CDC growing concerned about evidence of polio in N.Y. county


Disease trackers are increasingly worried that cases of polio outside of New York City could mushroom into a wider problem.

A case was identified last month in Rockland County, New York, and the virus has been detected in sewage in Rockland County, neighboring Orange County and overseas in London.

Dr. Jose Romero, director of the CDC’s National Center for Immunization and Respiratory Diseases, said many people who get polio don’t show symptoms, so it could be spreading silently.

“There are a number of individuals in the community that have been infected with poliovirus. They are shedding the virus,” he told CNN. “The spread is always a possibility because the spread is going to be silent.”

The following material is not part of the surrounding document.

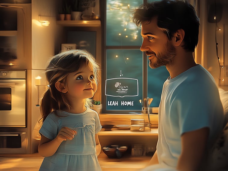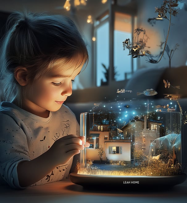 One day, LEAH suddenly asked her dad, "Dad, can you make a magical house for my friends too?" Her dad felt a deep sense of comfort and pride, realizing that LEAH knew how to share her things with others instead of showing off. She was a loving child. Determined to fulfill LEAH's wish and bring joy to other children who loved "magic," her dad decided to establish a smart home company called "LEAH HOME." Yes, the name was "LEAH HOME," because it represented the "magic" LEAH wanted to share with her friends.
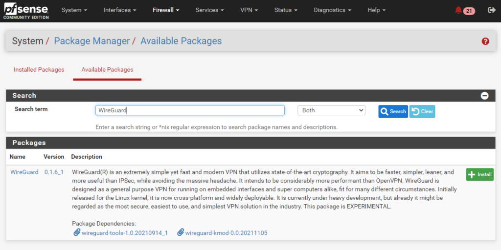 Unter “System – Package Manager – Available Packages” nach “WireGuard” suchen und das Paket installieren:

A CDC team recently traveled to New York to investigate the situation in Rockland County, which has a shockingly low polio vaccination rate of about 60% compared to the nationwide rate of 93%. The county is located in the southeastern corner of the state bordering New Jersey.

Polio is highly contagious and was a devastating disease in the early 20th century, before the vaccine arrived.

Children typically get a course of four shots for polio between 2 months old and 6 years old. Some groups, including some in the orthodox Jewish community in Rockland County, have resisted vaccination, sparking calls for an information campaign.

Disease fighters are considering different steps to fight a potential outbreak, including whether extra doses are needed for certain persons. U.K. officials started offering boosters in the London area.